In the real-world patient approach, construct validity was evaluated with known-group comparisons between patients in the 3 MANAGE-PD-assigned categories based on established measures assessing PD severity and burden, using analysis of variance, Wilcoxon rank sum, and chi square tests as appropriate. Concordance between MANAGE-PD and clinician judgment of patient category was evaluated.
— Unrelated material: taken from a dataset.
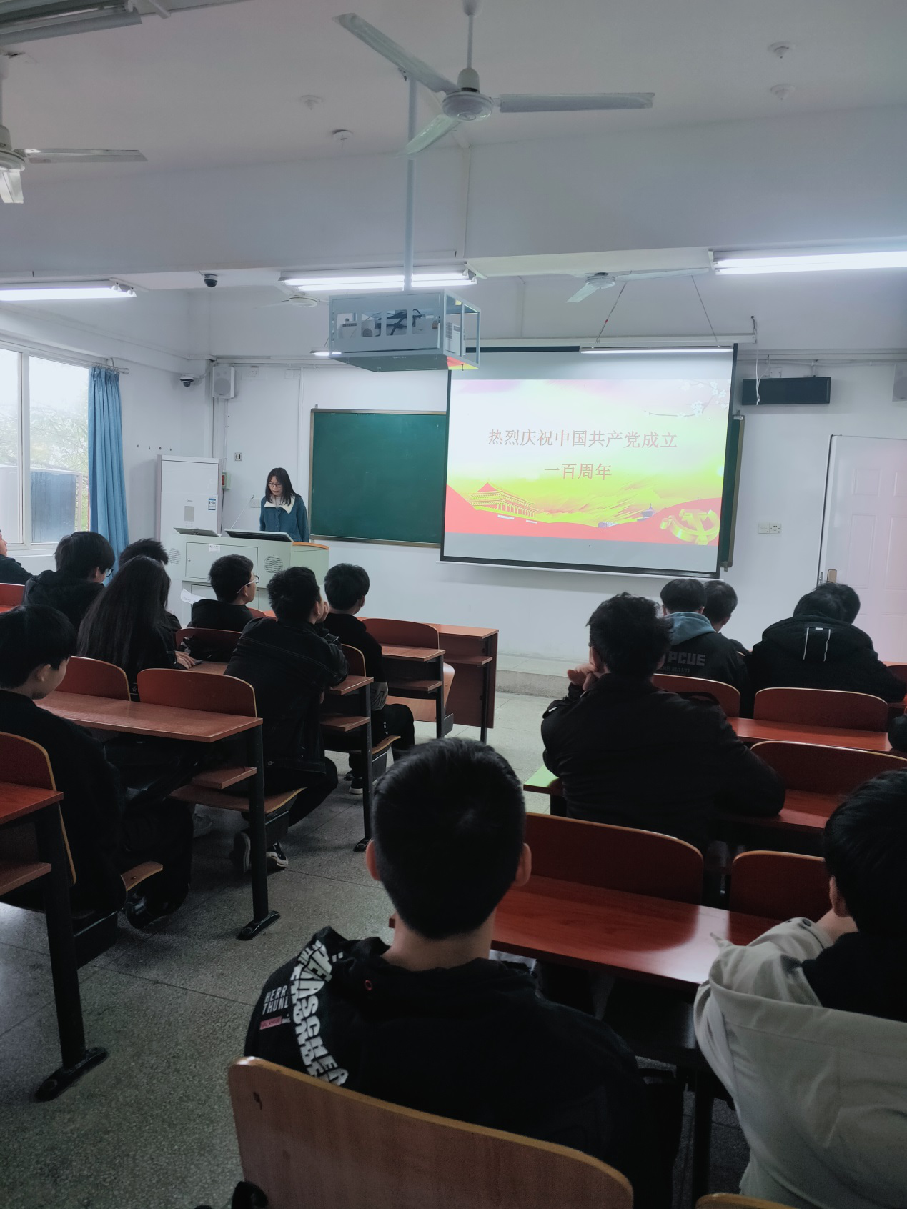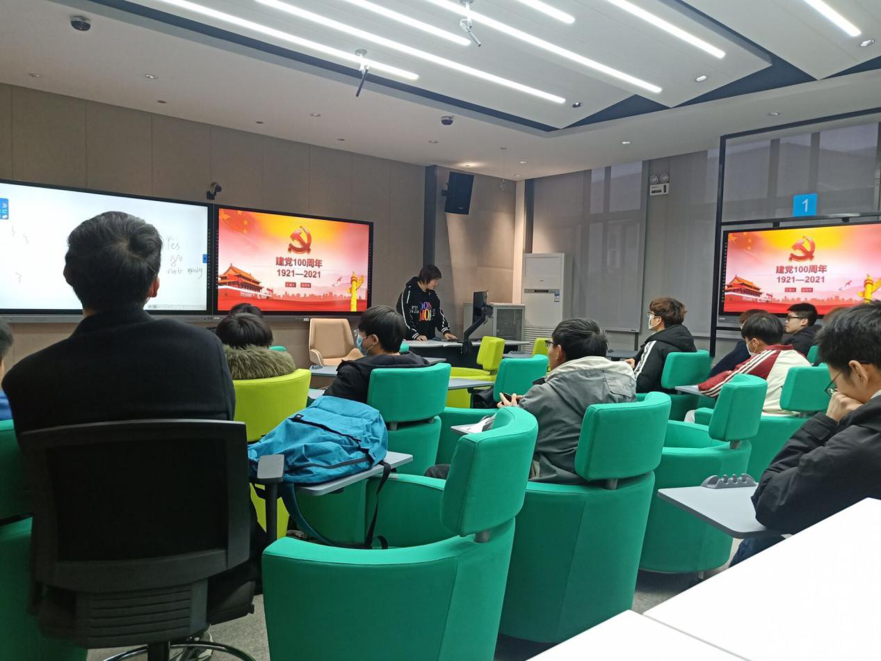 2018级软件工程(4)班预备党员范萱萱围绕《纪念建党一百周年》的主题,在北四智慧教室开展了演讲,声情并茂的回顾了党的光辉历程,讴歌了党的丰功伟绩,使团支部内的成员受到了教育,鼓舞了勇气,激励同学们继承和发扬党的光荣传统。展现了新时代青年与祖国同呼吸、共奋进的爱国主义情怀。

Among the discordant pairs, clinical value was assessed based on comparing measures of disease severity and burden between patients scored as higher severity by MANAGE-PD/lower severity by clinician judgment and higher severity by clinician judgment/lower severity by MANAGE-PD. SAS® version 9.4 or higher (SAS Institute Inc., Cary, NC) was used to perform the analyses.
3. Results
3.1 MANAGE-PD development
The MANAGE-PD tool allows for the clinical evaluation of a patient to support treatment decision-making by classifying a patient into 1 of 3 categories: 1) controlled on current treatment regimen, 2) inadequately controlled on current treatment regimen but may potentially benefit with further non-device aided treatment optimization, or 3) inadequately controlled on current treatment regimen and may benefit from device-aided therapy. The tool consists of two sections, evaluating the frequency and severity of PD-related motor, non-motor, and functional symptoms across 10 domains. [Fig. 1]. The tool is also available in a paper [Appendix B] and web-based version [US: www.managepd.com; Outside-US: www.managepd.eu]. The questions in the tool follow a skip logic for each domain as well as between sections. Based on 5 yes/no questions, section 1 evaluates if the patients are adequately controlled on current oral medications (Category 1). If patients are inadequately controlled on current oral medications, Section 2 allows for further investigation of 10 domains assessing frequency and/or severity level of PD-related symptoms to classify between Category 2 and 3. The classification to Category 3 is based on taking ≥4 times oral levodopa/day and domain-specific threshold of frequency and severity. The MANAGE-PD scoring algorithm is included in Appendix C. Among domains evaluated by MANAGE-PD, dystonia with pain and impulse control disorder do not impact the tool categorization. Irrespective of the level of severity, while standalone, these individual domains do not call for an initiation of a device-aided therapy. Evaluation of these domains was deemed necessary to guide optimization of treatment choices (with or without a device-aided therapy).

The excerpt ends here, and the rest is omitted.